As I’m in the throes of internet dating myself, I took the opportunity to ask a variety of women for their views on what constitutes a bad first-date conversation. The results won’t come as much of a surprise: monopolising the conversation by boasting or rambling on about your ex isn’t likely to endear you to the date of your dreams.

The key is to ask open questions - and listen to the answers. Of course, it’s fine to chip in with your own experiences, but a conversation is a two-way process and if she hasn’t said anything for a while then you’re probably talking too much.
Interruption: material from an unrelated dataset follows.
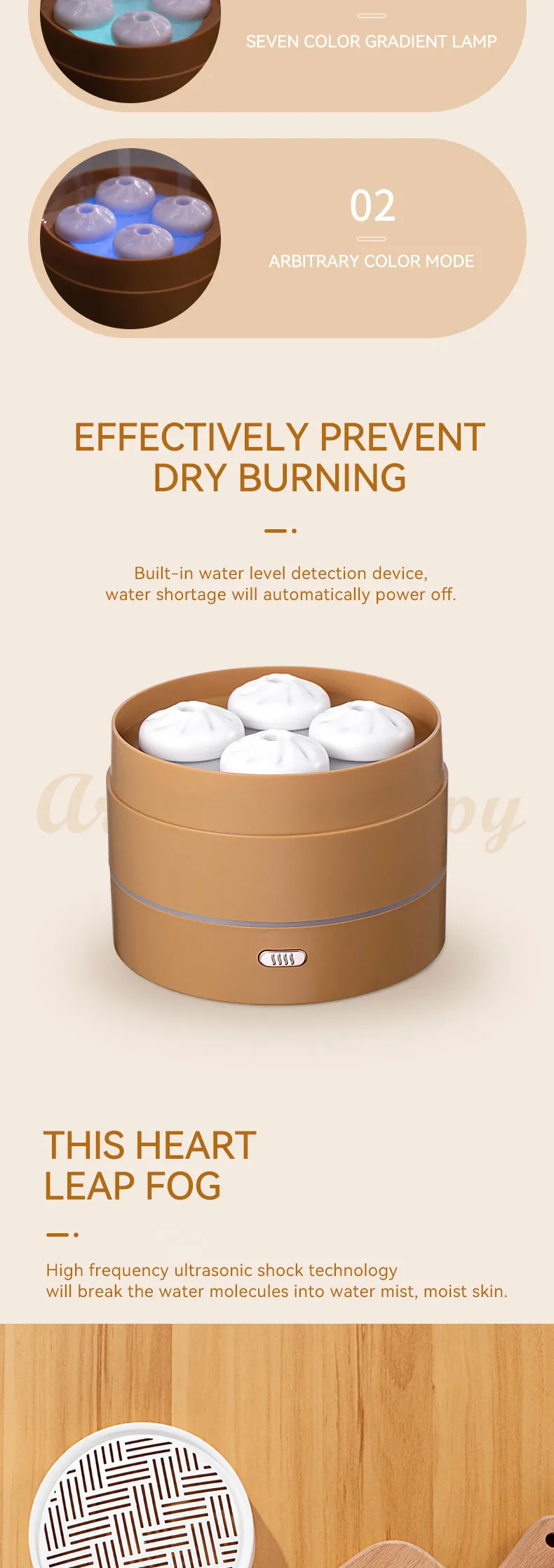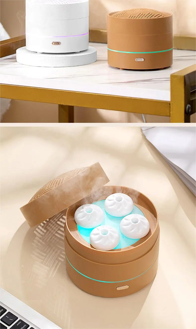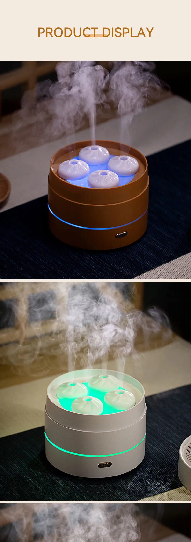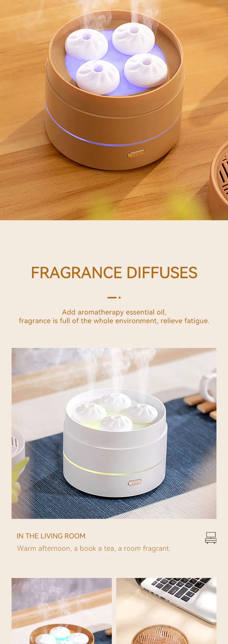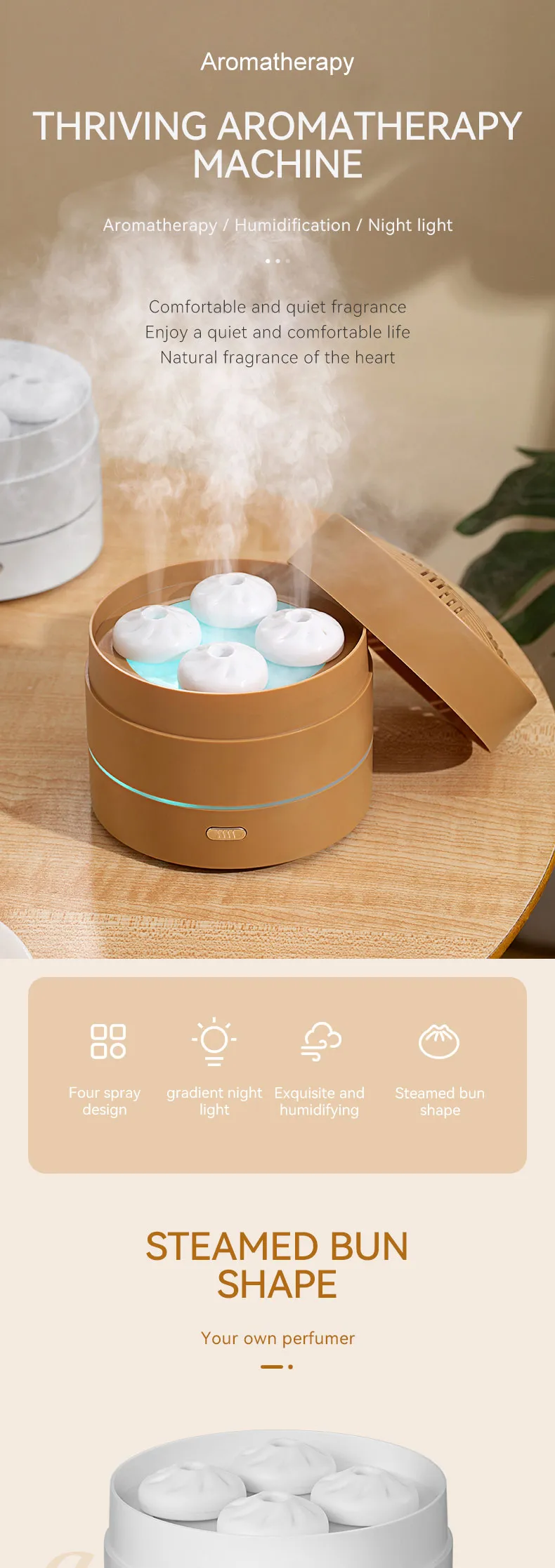 1pc Unique Four Spray Design Steaming Bun Aroma Diffuser 200ml USB Ultrasonic Air Humidifier LED Night Light Essential Oil Diffuser Aromatherapy Diffuser For Home Office

Try asking her what makes her happy, or the last time she belly laughed, or where she calls home. Take it slowly and don’t be in a hurry; you need to concentrate rather than just keeping schtum until you can ask the next question. Being relaxed is important and if you’re rushing through a list of questions it’ll seem more like an interview than a date!

Endearments like ‘love’ and ‘darling’ aren’t appropriate, either; it’s not the 1970s anymore. And innuendo rarely works among two strangers, so try to keep your inner Sid James under control, won’t you?

Don’t be afraid of awkward silences. If the conversation falters, why not slip in a sincere compliment? If you’re anything like me you’ll be agonising as to when to say it, so a lull gives you the perfect opportunity. Keep it light though; you don’t want to scare her away.

How to give a sincere compliment

Sometimes it all comes together and you find the conversation flows so easily that you’re the last to leave. In a situation like that, the only thing to say is “I’ve had a fabulous time; do you fancy doing it again?”